光触媒は、光を当てることで近くの化合物を強力に分解できる材料です。光触媒を利用した水処理は、光で有機物を水や二酸化炭素などに分解する環境にやさしい技術として注目されています。しかし、塩類や共存するイオンが多い水環境では、光触媒と有機物の反応が塩類やイオンによって邪魔され、性能がとても低くなってしまいます。そのため、特に海水や産業排水のような塩類を大量に含む条件での利用が困難でした。さらに、粉末状の光触媒は単体では使いにくく、なにかに固定して使った場合には、光触媒の粒子と汚れが出合う確率が小さくなり、分解効率が大きく落ちてしまうという問題もありました。
研究チームは、水を含んだ多孔質ゲル(ハイドロゲル)[1]に酸化タングステン(WO3)[2]を混ぜ込んだ新しい材料『光触媒ゲル』を開発しました。半透明で細く複雑な水の通り道を持つ構造をとるので、塩類や共存イオンが多い条件でも、光の通りやすさと、光触媒と有機物の出合いやすさを維持できます。光触媒の性能試験に用いる着色剤(インジゴカルミン[3])の分解実験を行ったところ、塩化ナトリウム(NaCl)や硫酸ナトリウム(Na2SO4)が高濃度で存在する条件下でも、従来材料の4〜13倍の分解効率を示しました。この光触媒ゲルは、原料を凍らせ、解凍時に加える有機酸によってゲルを壊れにくくする「凍結架橋法[4]」という簡便な合成法で作製します。大面積・多形状化が比較的容易で、研究室レベルから実用スケールまでの展開が視野に入る点も特長です。
今後は実用化を見据えた耐久性や長期連続稼働性の向上に取り組み、産業排水への応用展開を目指します。また、国際的な水環境問題やSDGs「安全な水と衛生」への貢献を図ります。

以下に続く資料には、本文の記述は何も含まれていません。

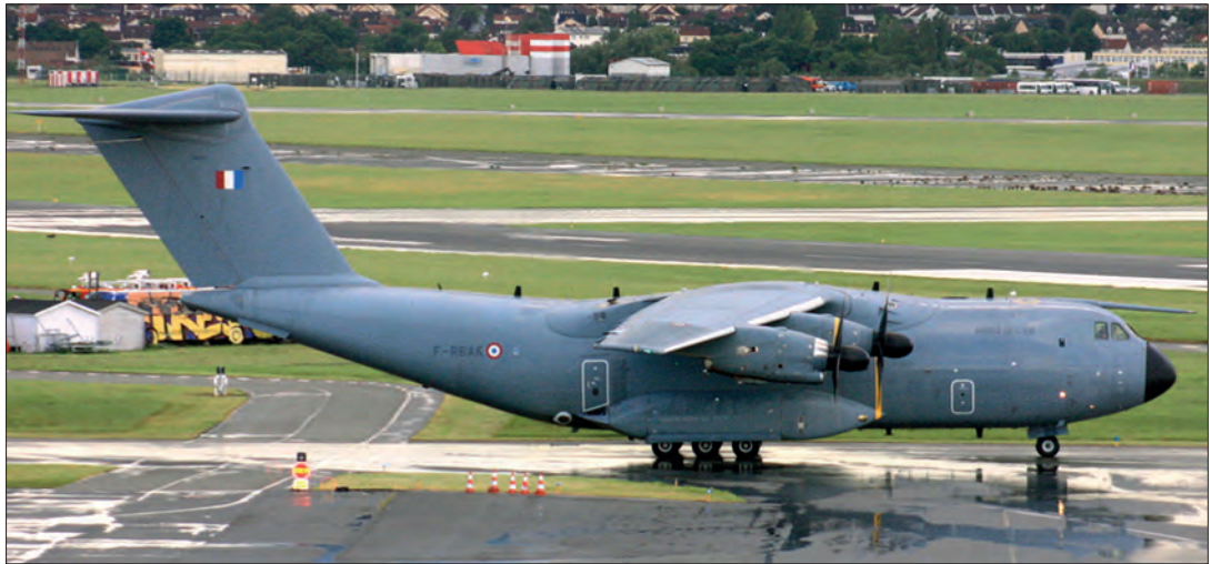
Airbus A400M 053/F-RBAK (053) at Le Bourget on 12th June 2019.

本研究は、国立研究開発法人日本原子力研究開発機構(理事長 小口正範)原子力科学研究所物質科学研究センターの杉田剛研究副主幹、上田祐生研究副主幹、中部倫太郎研究員、同研究所プロモーション・オフィスの南川卓也研究副主幹、関根由莉奈研究主席、国立大学法人高知大学理工学部の森勝伸教授の共同研究グループによる成果です。
本成果は、Elsevier社の学術誌 Journal of Photochemistry and Photobiology A: Chemistry(2025年11月7日)に掲載されました。
化学工場や淡水化プラントでは、NaClや硫酸塩などを多く含む水を、逆浸透膜などで処理する必要があります。こうした塩類の多い水に有機物が存在すると、汚れとして膜を詰まらせてしまい、洗浄や交換が必要となります。膜の洗浄や交換にかかる多大なコストは、最終的に製品価格や水道料金として反映され、操業の安定性と安全な水の供給を同時に揺るがします。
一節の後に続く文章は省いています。